Here is the catch statement I would like to end up at (the abort occurs in a function called by a function called by a function called by DoSomething):

Code:
1682 try
1683 {
1684     // Something that could go wrong
1685     DoSomething(data);
1686 }
1687 catch (...)
1688 {
1689     // something has gone wrong
1690     // avoid a program abort, print a message and do default action
1691 
1692     cerr << " NeuroEvolution: Error occured, removing incorrect data... " << endl;
1693 
1694     continue;
1695 }
This is the relevant part of the stack backtrace:

Code:
#32247 0x00002b93bc7ffbbb in PAC::CNeuroEvolution::ThrowingSignalHandler (signal=6) at NeuroEvolution.cpp:2298
#32248 <signal handler called>
#32249 0x00002b93bedb8aa5 in raise () from /lib64/libc.so.6
#32250 0x00002b93bedb9e60 in abort () from /lib64/libc.so.6
#32251 0x00002b93be8afe5b in std::set_unexpected () from /usr/lib64/libstdc++.so.6
#32252 0x00002b93be8af24b in __cxa_bad_cast () from /usr/lib64/libstdc++.so.6
#32253 0x00002b93be8afceb in __gxx_personality_v0 () from /usr/lib64/libstdc++.so.6
#32254 0x00002b93bec84748 in _Unwind_Backtrace () from /lib64/libgcc_s.so.1
#32255 0x00002b93bec848dc in _Unwind_RaiseException () from /lib64/libgcc_s.so.1
#32256 0x00002b93be8aff5d in __cxa_throw () from /usr/lib64/libstdc++.so.6
#32257 0x00002b93bc7ffbbb in PAC::CNeuroEvolution::ThrowingSignalHandler (signal=6) at NeuroEvolution.cpp:2298
#32258 <signal handler called>
#32259 0x00002b93bedb8aa5 in raise () from /lib64/libc.so.6
#32260 0x00002b93bedb9e60 in abort () from /lib64/libc.so.6
#32261 0x00002b93be8afe5b in std::set_unexpected () from /usr/lib64/libstdc++.so.6
#32262 0x00002b93be8af24b in __cxa_bad_cast () from /usr/lib64/libstdc++.so.6
#32263 0x00002b93be8afceb in __gxx_personality_v0 () from /usr/lib64/libstdc++.so.6
#32264 0x00002b93bec84748 in _Unwind_Backtrace () from /lib64/libgcc_s.so.1
#32265 0x00002b93bec848dc in _Unwind_RaiseException () from /lib64/libgcc_s.so.1
#32266 0x00002b93be8aff5d in __cxa_throw () from /usr/lib64/libstdc++.so.6
#32267 0x00002b93bc7ffbbb in PAC::CNeuroEvolution::ThrowingSignalHandler (signal=6) at NeuroEvolution.cpp:2298
#32268 <signal handler called>
#32269 0x00002b93bedb8aa5 in raise () from /lib64/libc.so.6
#32270 0x00002b93bedb9e60 in abort () from /lib64/libc.so.6
#32271 0x00002b93bedb2246 in __assert_fail () from /lib64/libc.so.6
#32272 0x00002b93bc7e7045 in CLinearGenome::SortSubNetworks (this=0x7fffee3e6720, Start=0, End=108, 
    Visited=0x7fffee3e6450) at LinearGenome.cpp:1106
I have spent a lot of time trying to get it to run and would be very happy if you could point me to a solution.

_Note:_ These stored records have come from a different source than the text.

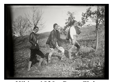
Hiking 1930s: Press Club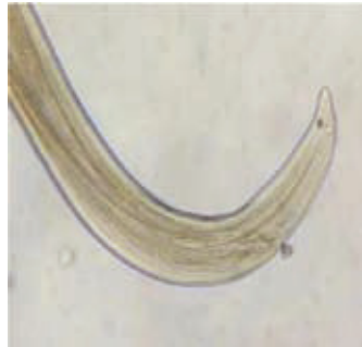
Fig. 6. Setaria equina - immature female – tail end ends in a small knob which is smooth

mg/kg body weight intravenously. Animal was restrained in lateral recumbency with affected eye positioned upwards. Prepared the affected eye aseptically with povidone iodine collyrium (1:50). Auriculo-palpebral nerve block was given to prevent the eyelid movements.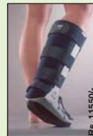
medi Walker Boot Rs. 11550/-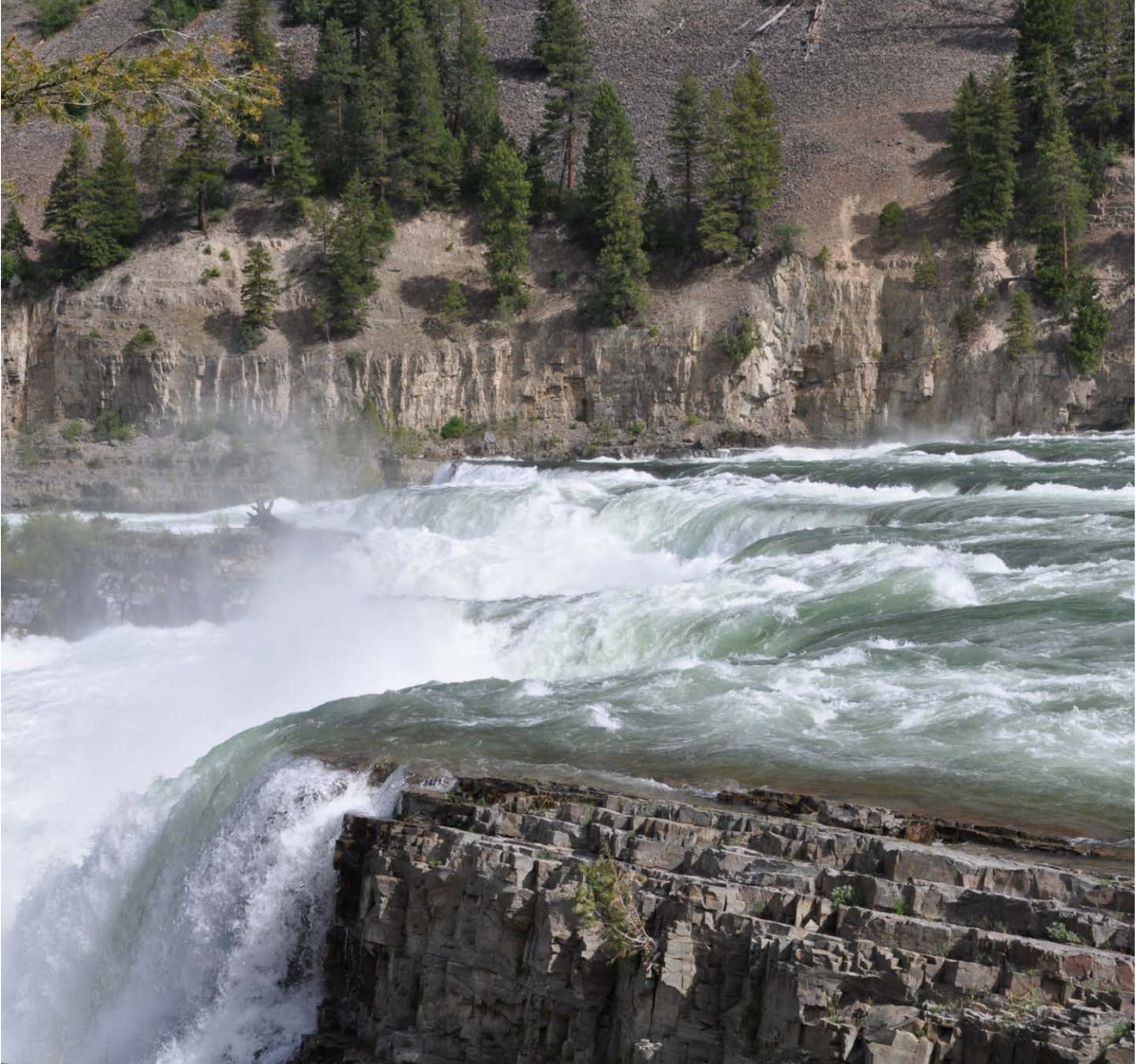
Kootenai Falls May 21, 2013 ~30 kcfs

Please let me know if you need any more details. I am using gcc (GCC) 4.1.0 (SUSE Linux).

Many thanks in advance,

Nils.

PS: Please do not suggest to change the cause for the abort() call, I had that idea myself already :-) Most problems occur in a part of the code I have not written myself and it would be too time-consuming to debug all of that.